Итак, Поплавский и политика. Подтверждается ли высказанное в самом начале главы утверждение о том, что позицию поэта можно определить как позицию «около» политики, «около» истории, когда художник, по выражению Г. Адамовича, «не занимаясь политикой, все же участвует в ней»[210]? Позволю себе сравнить два отрывка из текстов, написанных в одно и то же время, но принадлежащих разным писателям; первый извлечен из записной книжки Хармса за 1934 год, второй — из романа Поплавского «Домой с небес», датированного 1934–1935 годами.

В декабре 1934 года Хармс записывает, слушая по радио репортаж о похоронах Кирова:

Енукидзе, Молотов, от Интернацион<ала>, от лен. орган. Чудов, Каганович, Шапошникова, от Украины Петровский, от Баку Багиров.

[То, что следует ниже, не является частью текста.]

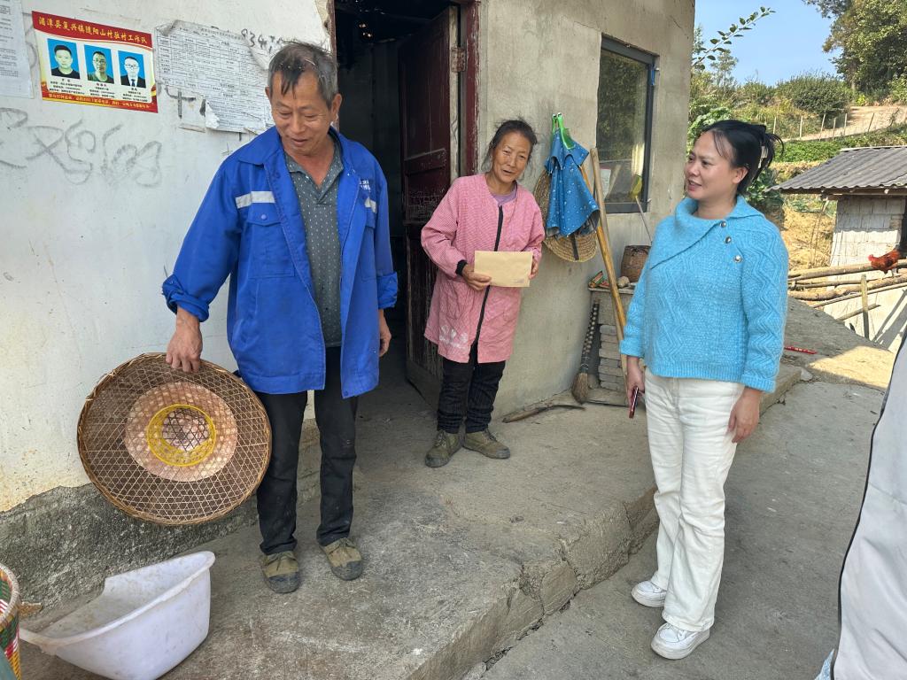 在驻村干部的陪同下,胡兴灿、贺梦依一行分别调研了新金龙村、随阳山村相关产业发展情况,走访慰问了困难群众。
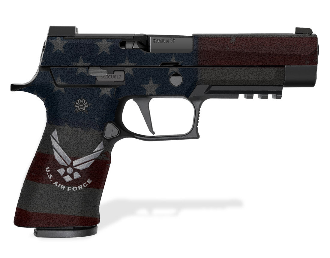 Decal Grip for Sig Sauer P320 X-Full, P320 X-VTAC and P320 RXP XFull-Size models. Features a rubberized, textured grip surface for better grip. Cover just the frame or apply it to the slide as well. US Air Force design.

Несут на красной подушечке ордена.

Маленькая процессия[211].

Хотя Хармс слушает прямую трансляцию церемонии, складывается впечатление, что он полностью «изолирован» от события. Он не является очевидцем, который «включен» в Историю. Отсутствие визуального контакта с реальностью создает эффект атомизации Истории[212]. Церемония похорон перестает обладать внутренним единством и рассыпается на множество «случаев», плохо связанных между собой. В то время как в рассказе как текстовой единице должна наблюдаться последовательная смена событий, записи Хармса, напротив, не собираются в интригу; к тому же Хармс не пытается соблюдать тематическое единство рассказа и устраняет его главного персонажа, который в принципе должен быть в центре излагаемого события. Действительно, в рассказе о похоронах Кирова нет самого Кирова: убитый вождь «ускользает» из рассказа и из Истории. Несмотря на то что Хармс упоминает имена советских партийных функционеров, он, благодаря приему атомизации, деконтекстуализирует событие и лишает его индивидуальности. Такие похороны могли бы состояться в любом месте, в любое время и с любым покойником. Текст содержит только «осколки» события, и это блокирует развитие наррации. Отмечая то, что происходит на похоронах Кирова, Хармс переводит событие из исторической реальности в реальность фикциональную, в которой возможно все: например, похороны аппаратчика в отсутствие самого покойника могут повторяться до бесконечности.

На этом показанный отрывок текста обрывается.